The response should contain all of the data below, reproduced exactly, and no pictures.

- Data provided
---

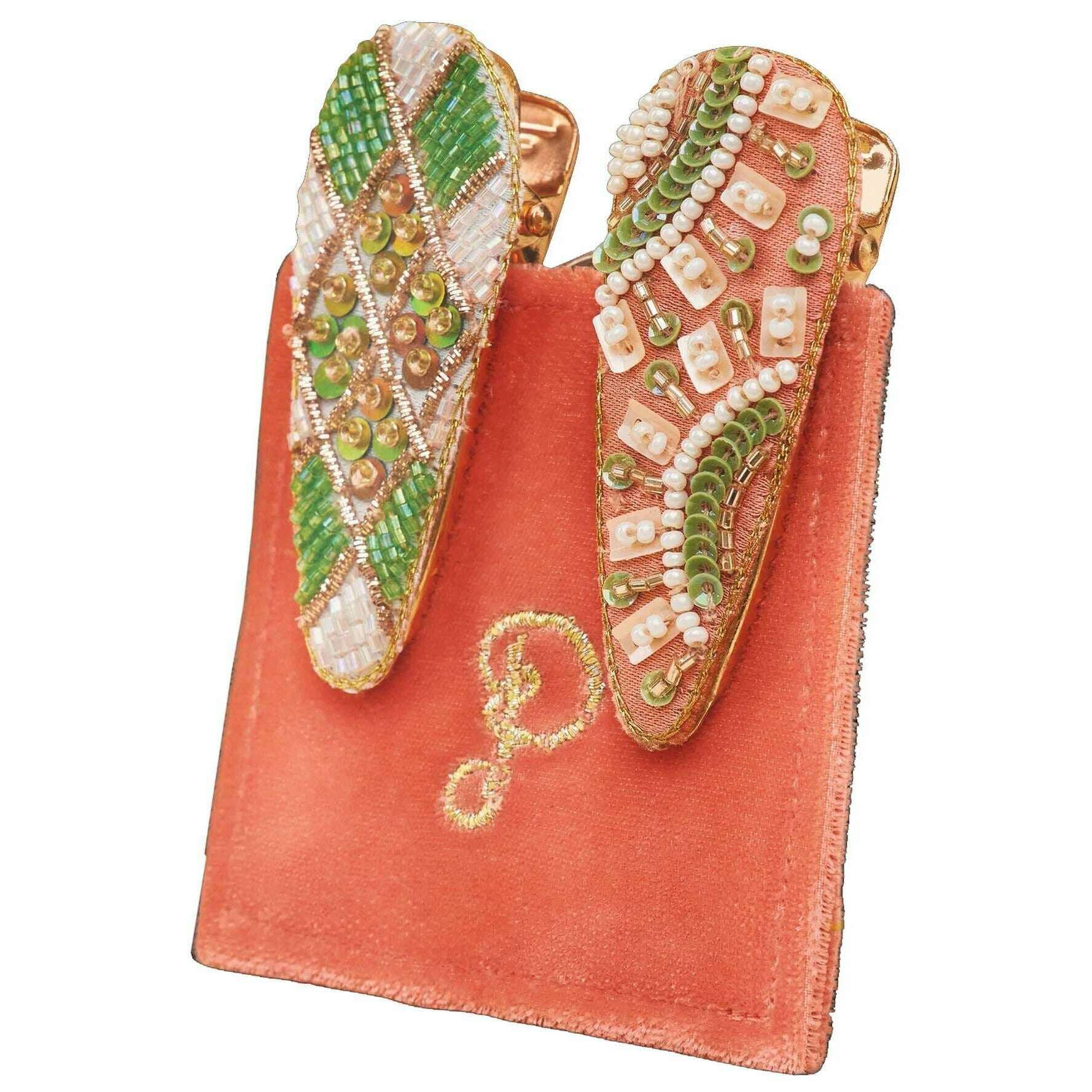 Te różowe/zielone/kremowe damskie spinki do włosów wykonane w 100% z aksamitu poliestrowego autorstwa projektanta Powder. Wymiary: 8 cm (wysokość) x 7 cm (szerokość). Zestaw 2 akcesoriów do włosów jest wart swojej ceny i gwarantuje, że to dobry zakup. Wszystkie akcesoria do włosów są dostarczane w komplecie z pudrem. Spinki do włosów w kolorze pudrowym Sunny – różowy/zielony/kremowy urozmaicą fryzurę przy każdej okazji, dodając stylowego charakteru, który sprawi, że ludzie będą się gapić. Pięknie ozdobiony misternymi koralikami i haftem, ten zestaw 2 spinek do włosów jest koniecznością w Twojej kolekcji.
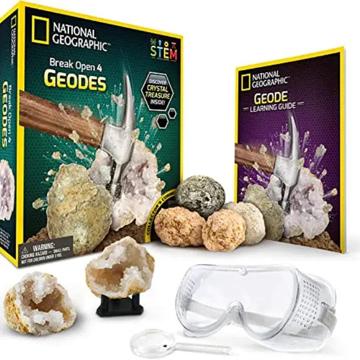 NATIONAL GEOGRAPHIC Break Open 4 Geodes Science Kit – Includes Goggles, Detailed Learning Guide and Display Stand
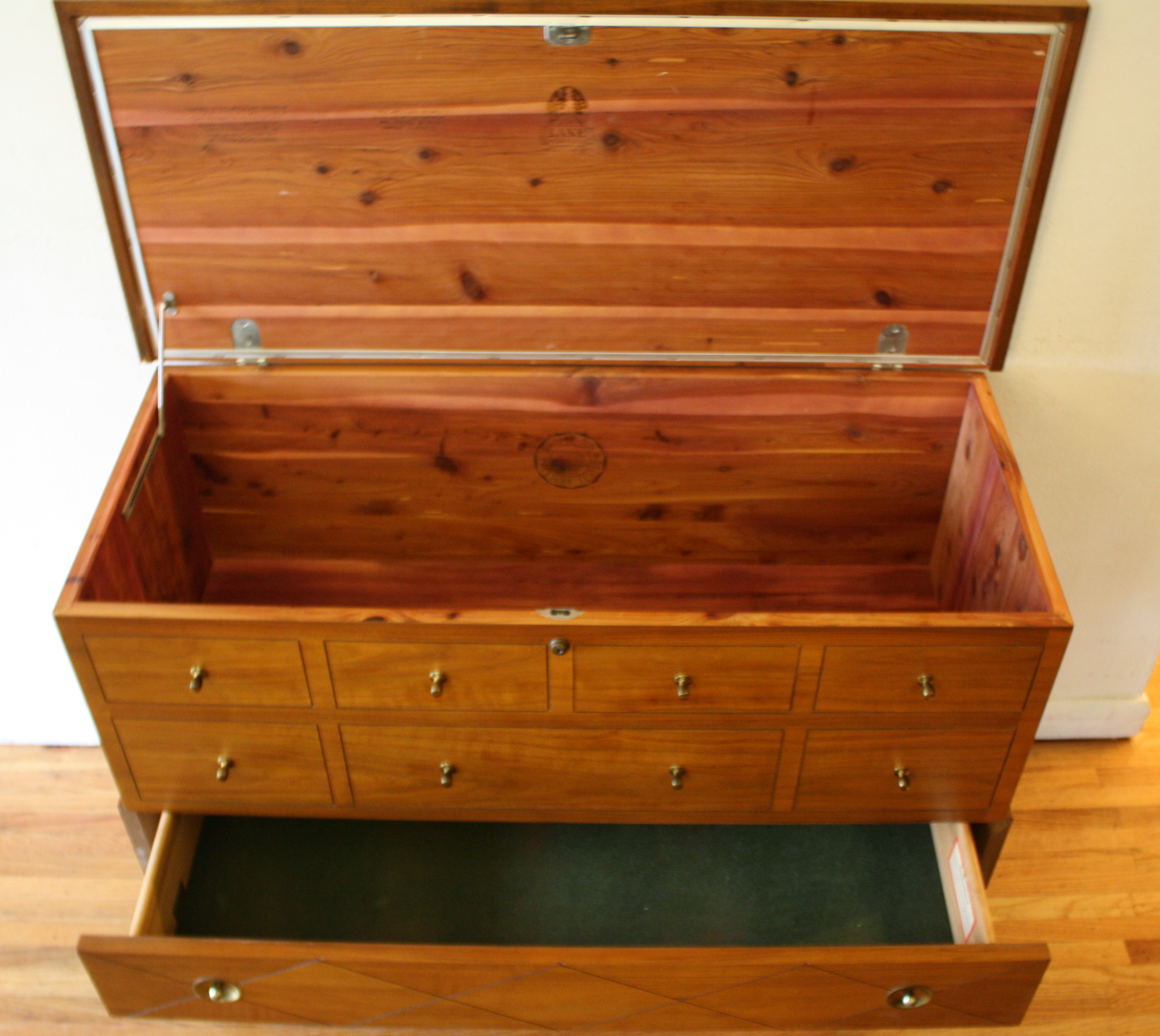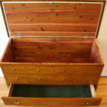 Mid Century Modern Cedar Chest Trunk by Lane This is a mid century modern cedar chest trunk by Lane. It is console height, has decorative brass knobs, 1 dovetailed drawer with brass pulls, and splayed legs. Dimensions: 43″W x 16.5″D x 20″H. *SOLD* Leave a Reply Cancel replyYour email address will not be published. Required fields are marked *Comment * Name * Email * Website Save my name, email, and website in this browser for the next time I comment.

---

- Answer space
 Te różowe/zielone/kremowe damskie spinki do włosów wykonane w 100% z aksamitu poliestrowego autorstwa projektanta Powder. Wymiary: 8 cm (wysokość) x 7 cm (szerokość). Zestaw 2 akcesoriów do włosów jest wart swojej ceny i gwarantuje, że to dobry zakup. Wszystkie akcesoria do włosów są dostarczane w komplecie z pudrem. Spinki do włosów w kolorze pudrowym Sunny – różowy/zielony/kremowy urozmaicą fryzurę przy każdej okazji, dodając stylowego charakteru, który sprawi, że ludzie będą się gapić. Pięknie ozdobiony misternymi koralikami i haftem, ten zestaw 2 spinek do włosów jest koniecznością w Twojej kolekcji.
 NATIONAL GEOGRAPHIC Break Open 4 Geodes Science Kit – Includes Goggles, Detailed Learning Guide and Display Stand
 Mid Century Modern Cedar Chest Trunk by Lane This is a mid century modern cedar chest trunk by Lane. It is console height, has decorative brass knobs, 1 dovetailed drawer with brass pulls, and splayed legs. Dimensions: 43″W x 16.5″D x 20″H. *SOLD* Leave a Reply Cancel replyYour email address will not be published. Required fields are marked *Comment * Name * Email * Website Save my name, email, and website in this browser for the next time I comment.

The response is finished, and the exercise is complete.